Count number of () before each come with RegExp \([^,]+\), it should be equal to number of comas+1
Here is working solution with test cases: http://jsfiddle.net/c8t26/1/
function testCases(str){
return (
str.match(new RegExp("\\([^,]+\\)","g")).length == str.split(",").length
);
}
Here is my solution, split the string with comma, then filter it with a regexp then compare with original size.
Demo
var a = 'stack(2),flow(2),over,temp ';
var arr = a.split(',');
var temp = arr;
arr = arr.filter(function(el){
var reg = new RegExp(/\(\d+\)$/);
el = el.trim();
return !!reg.test(el)
});
if(arr.length !== temp.length){
alert(temp.length - arr.length + ' wrong');
}
Filter support
Use a for loop to pass through each character of the string.

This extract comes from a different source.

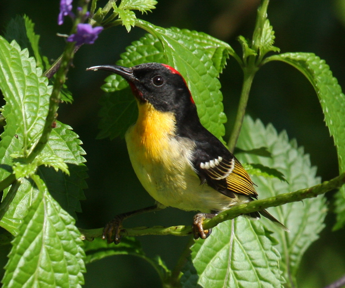 Orange-breasted Myzomela (Myzomela jugularis) male, De Voeux Peak, Taveuni, Fiji Isles
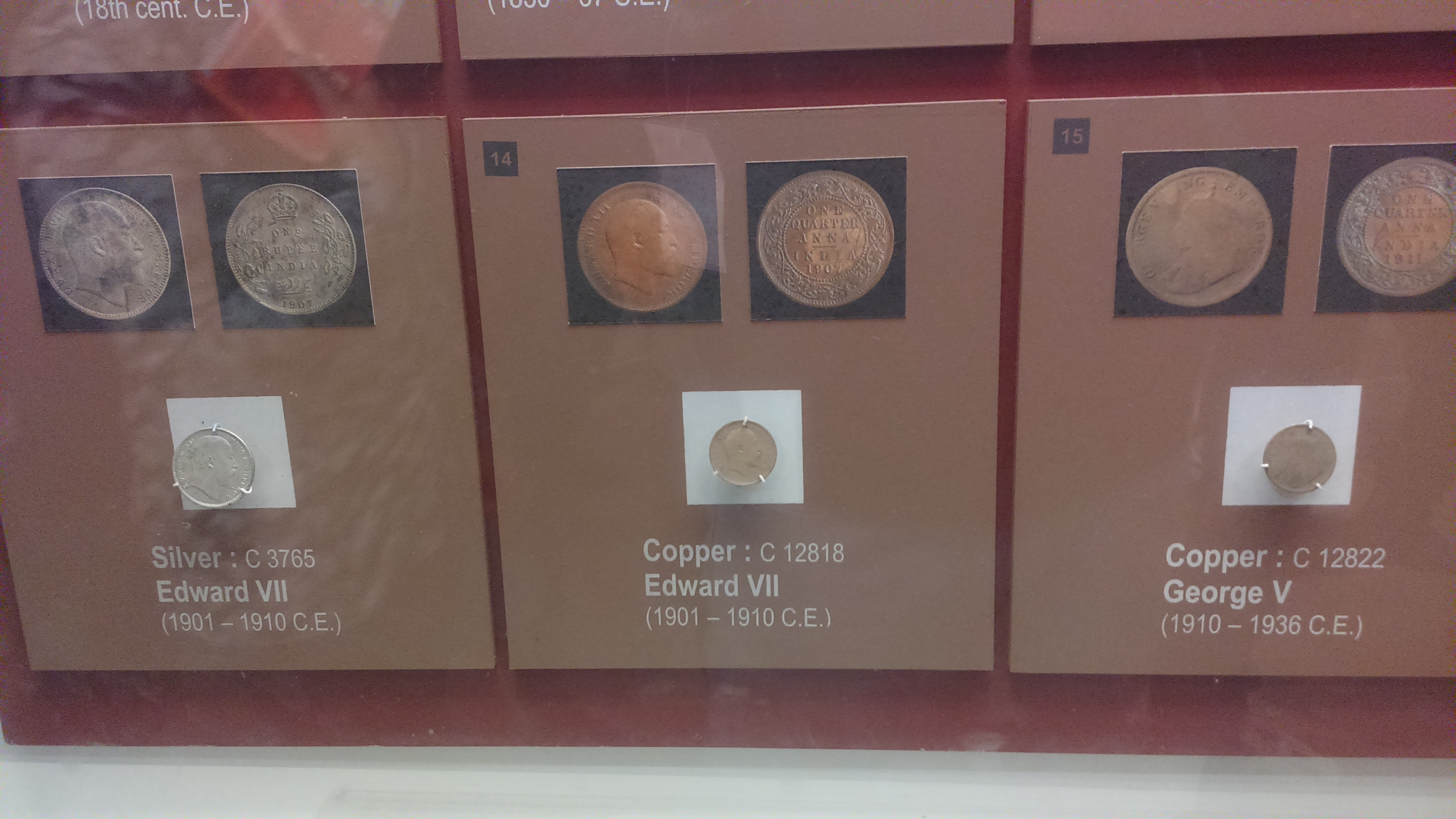 British Raj coins during Edward VII and George V, Indian Museum

Use a flag eg. openParentheses where you increase the count for each ( and decreases for each ) if you end up with anything other than 0 it is not valid, if you end up with anything less than 0 it is not valid and in your case if you cant have more than one parenthesis open then if your variable is greater than 1 in any iteration through the loop it is not valid. If you need to look for the coma too, just when you find a ) check for [i+1] to see if it is a comma. Watch out if it is the end of the string so you don't get an out of bounds error. Either make a special case (if) or add some dummy character to the end which is not ).